Red Cedar Grain Patterns

      A craftsman gets advice on sawing techniques for achieving beautiful book-matched grain effects. June 22, 2005

Question
I am trying to build guitar and music stands from the purple heartwood of dead cedar. After cutting it into usable sizes, what is the best drying and finishing method? To book-match an 18"x12" panel, how large of a block should I start with, and how thick should I make the panels?

Forum Responses
(Sawing and Drying Forum)
From Gene Wengert, forum technical advisor:
Have you done this before? Do you know that exposure to light will cause the purple to fade to a red color? Are you going to book-match edge to edge or end to end? If you book-match edge to edge, and the width is 18", then you need an 18" block.



From the original questioner:
Gene, my experience working with cedar is limited to small carving projects. I do know that it fades. Is there a way of minimizing the fading? I want to try to duplicate a book-matched panel on an old hutch door. Im pretty sure it is made from a solid block and sawed 4 times. It looks like it was sawn once and flipped, and then both top pieces were sawn again and flipped down. I have recently gotten access to some beautiful wood and want to try this. I need to know how long to dry it as well. I was also wondering, since it has little or no sap/moisture, is there special handling involved?


From contributor S:
To the original questioner: Is this similar to what you are looking at doing?

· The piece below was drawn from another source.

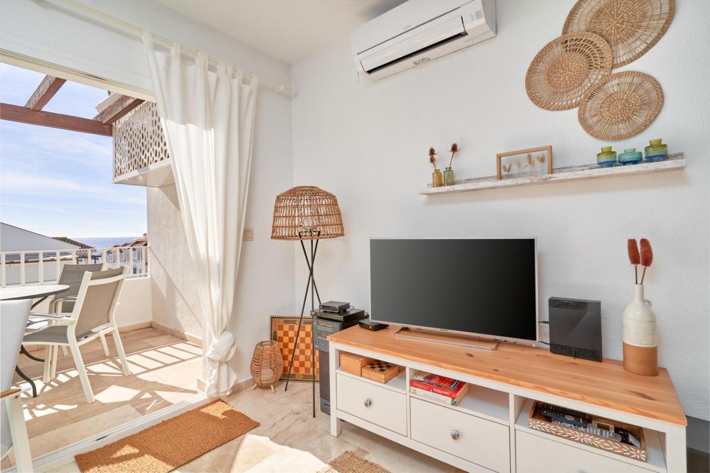 El apartamento cuenta con 2 dormitorios, 2 baños, ropa de cama, toallas, TV con canales vía satélite, cocina totalmente equipada y patio con vistas al mar.

From the original questioner:
To contributor S: Thats not quite what I have in mind, but I may not be precise in my definition of book-matching. The pattern I want to duplicate is as if you sawed a 4x4 post with the heart of the wood at the bottom right corner (the grain rings getting larger toward the top left), flipped the first cut to the right, then sawed both pieces again and flipped both down. The pattern would look almost like a rose flower. At that rate, a 4x4 should end up 8x8 (I guess I still haven't done it). How long did you dry your wood to keep it from checking, and what stain or finish worked the best for you?


From contributor S:
To the original questioner: Are you saying that you want the rings to show on the surface? If so, saw it no more than 1/8" thick, and laminate it to something stable - plywood or MDF. You may also want to stabilize the wood to avoid cracks. This could be done with thin CA or epoxy.

I've had good luck sawing end grain slabs with ERC by cutting it with a 15-20 degree bias. The picture I posted is natural - no finish. It will eventually turn a silvery color.

The only way to keep the color of ERC at all (it won't stay purple - just red), is to coat it heavily with spar urethane or spar varnish. Even then, it will do best if kept out of direct sunlight.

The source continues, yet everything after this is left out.